Two of them snapped back into existence in the familiar chill of the Haven, staggering paws leaving prints and furrows in fresh snow. Heavy breaths panted steam into the cold air, and weeping rivulets of bright blood and black decay mixed together and spread out across the white landscape like gangrenous veins. The larger of the two figures threw a barred wing over the other and cast a hurried glance around, ignoring the speed and virulence of the unnatural infection. There wasn't time to wonder after it, nor after the whereabouts of their conspirators - who knew where or when they had emerged? The most important of them was here and now, and they would finish what they'd started.
"We have to hurry. Come on." The older goddess shouldered the weight of the other, as much as she could, to hurry them both toward the Gates, but the other soon stumbled and fell, hunching in on herself with a wracking cough that brought up more of the thick black ooze and choked out whatever words she might have responded with. Her companion grabbed her up by the strap of the bag she wore slung around her, bringing her to her feet and half-dragging her onward.
"Is this—really—necessary?" the other finally gasped out between coughs, an improbable ghost of laughter bubbling up right along with the blood and gunk.
"Stop talking," the paler figure growled out from between clenched teeth, her hold on the leather strap deforming the words, "You're making a mess."
"Might 's well," the other slurred, "Thought that was—that's the point, yeah?"
More coughing ensued, negating another insistence to shut up already, and they continued their staggering-dragging progress further and further, leaving a deep trail behind them. They would be easy to follow and find, but the one they were running from wouldn't need to track them, anyway. They would know exactly where they were going. The only variable was when they were, and perhaps that was what allowed them to reach their goal without being intercepted.

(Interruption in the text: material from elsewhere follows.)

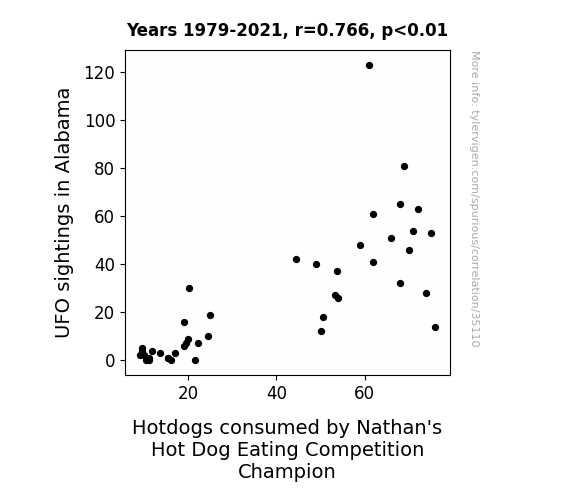 This means 58.7% of the change in the one variable (i.e., Hotdogs consumed by Nathan's Hot Dog Eating Competition Champion) is predictable based on the change in the other (i.e., UFO sightings in Alabama) over the 43 years from 1979 through 2021.

With a grunt, the pale goddess tugged hard at her coughing, bleeding partner, and sent her staggering the last few steps to collapse against the living shadow at the foot of the Gates.
Golden shackles dissolved, dead eyes flared to bright life, and crackles of power raced out through the lines of darkness that had spread through the Haven, only for the darkness and power both to be snapped back in a rush, returned to their rightful owner at long last. Behind him, the shining gates groaned, then fractured, a jagged rupture that split and toppled the massive structure.
Death stood tall before the destruction, massive wings spreading as one goddess slumped beside him and the other gaped open-mouthed, but lightning cracked through the moment. The vengeance they had just barely outrun had finally caught up to them - too late to stop them, but here to see that they paid for what they had done. One goddess threw herself over the other as lighting flashed again, wings curling around her, bracing for the end—
Both were swept aside by an inky wing, thrown from the Haven and out of the way of the storm.